Activity => Give the entries again exactly. Skip the pictures.

[[ Extracted records, beginning ]]

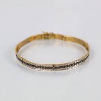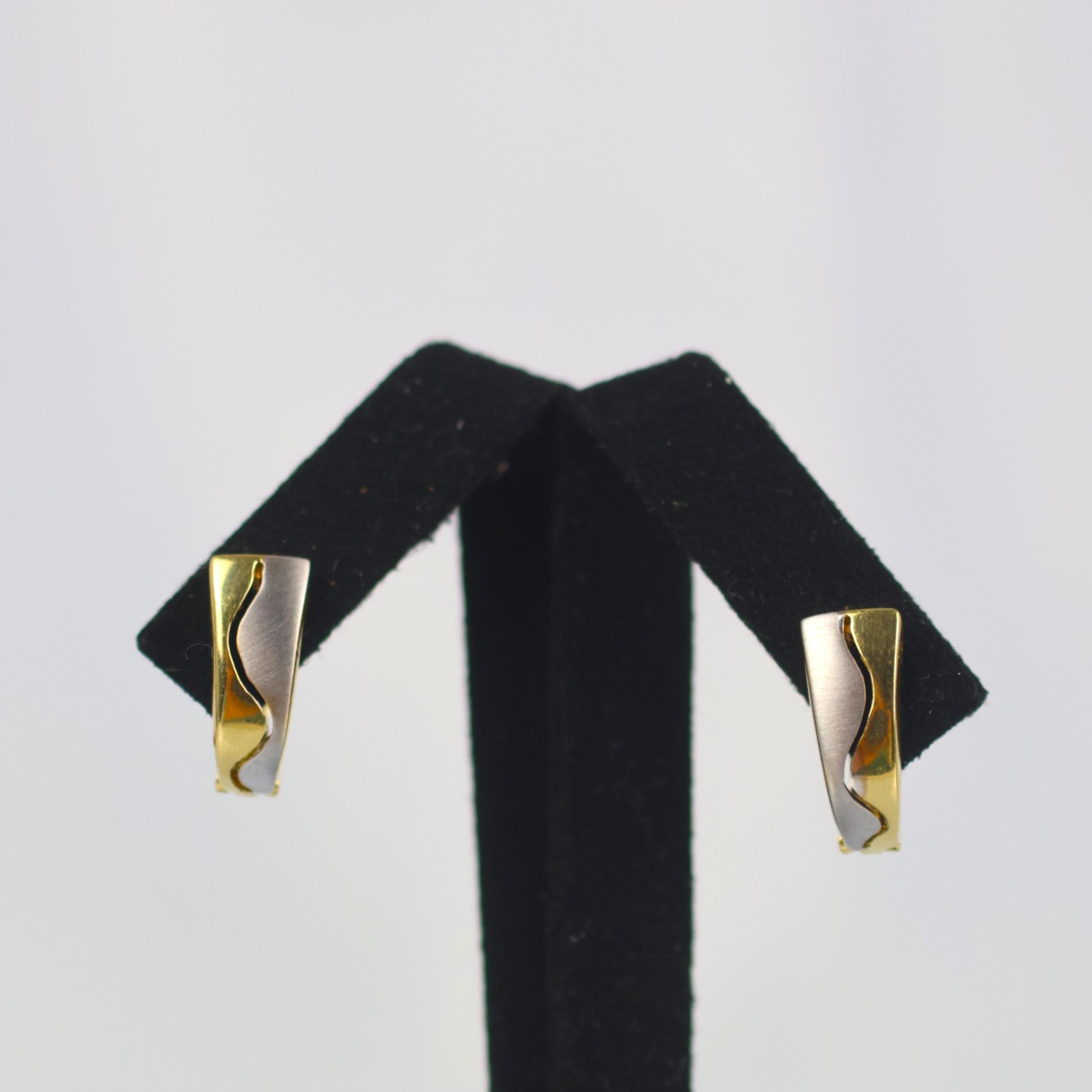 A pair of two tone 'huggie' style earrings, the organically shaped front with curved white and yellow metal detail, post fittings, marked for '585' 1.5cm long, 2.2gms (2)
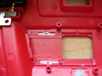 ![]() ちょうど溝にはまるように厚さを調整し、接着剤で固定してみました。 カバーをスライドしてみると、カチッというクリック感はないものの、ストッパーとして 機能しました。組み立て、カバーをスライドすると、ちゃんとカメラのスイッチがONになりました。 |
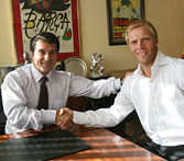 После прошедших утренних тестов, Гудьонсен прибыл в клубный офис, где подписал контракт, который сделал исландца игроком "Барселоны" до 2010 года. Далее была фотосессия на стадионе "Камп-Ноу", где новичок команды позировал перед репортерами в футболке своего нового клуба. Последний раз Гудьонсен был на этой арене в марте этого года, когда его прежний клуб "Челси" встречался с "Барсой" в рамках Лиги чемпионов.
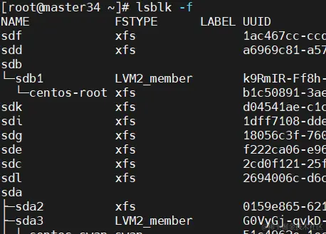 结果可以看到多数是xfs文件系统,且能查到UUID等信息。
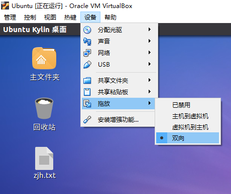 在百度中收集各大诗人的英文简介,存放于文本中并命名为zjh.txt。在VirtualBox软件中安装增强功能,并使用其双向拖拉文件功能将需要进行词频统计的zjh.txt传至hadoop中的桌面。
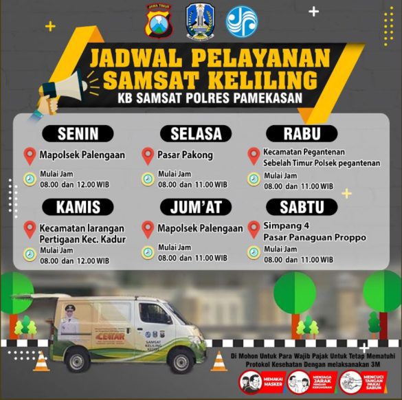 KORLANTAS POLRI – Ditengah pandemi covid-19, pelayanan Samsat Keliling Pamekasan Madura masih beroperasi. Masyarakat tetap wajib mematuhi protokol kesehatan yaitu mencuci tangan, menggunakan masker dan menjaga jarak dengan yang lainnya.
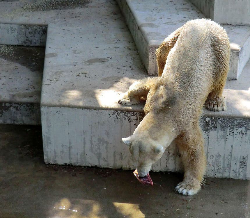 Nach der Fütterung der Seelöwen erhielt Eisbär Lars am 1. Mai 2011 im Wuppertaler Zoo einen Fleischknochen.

[[ Extracted records, end ]]

Exercise solution =>
 A pair of two tone 'huggie' style earrings, the organically shaped front with curved white and yellow metal detail, post fittings, marked for '585' 1.5cm long, 2.2gms (2)
 ![]() ちょうど溝にはまるように厚さを調整し、接着剤で固定してみました。 カバーをスライドしてみると、カチッというクリック感はないものの、ストッパーとして 機能しました。組み立て、カバーをスライドすると、ちゃんとカメラのスイッチがONになりました。 |
 После прошедших утренних тестов, Гудьонсен прибыл в клубный офис, где подписал контракт, который сделал исландца игроком "Барселоны" до 2010 года. Далее была фотосессия на стадионе "Камп-Ноу", где новичок команды позировал перед репортерами в футболке своего нового клуба. Последний раз Гудьонсен был на этой арене в марте этого года, когда его прежний клуб "Челси" встречался с "Барсой" в рамках Лиги чемпионов.
 结果可以看到多数是xfs文件系统,且能查到UUID等信息。
 在百度中收集各大诗人的英文简介,存放于文本中并命名为zjh.txt。在VirtualBox软件中安装增强功能,并使用其双向拖拉文件功能将需要进行词频统计的zjh.txt传至hadoop中的桌面。
 KORLANTAS POLRI – Ditengah pandemi covid-19, pelayanan Samsat Keliling Pamekasan Madura masih beroperasi. Masyarakat tetap wajib mematuhi protokol kesehatan yaitu mencuci tangan, menggunakan masker dan menjaga jarak dengan yang lainnya.
 Nach der Fütterung der Seelöwen erhielt Eisbär Lars am 1. Mai 2011 im Wuppertaler Zoo einen Fleischknochen.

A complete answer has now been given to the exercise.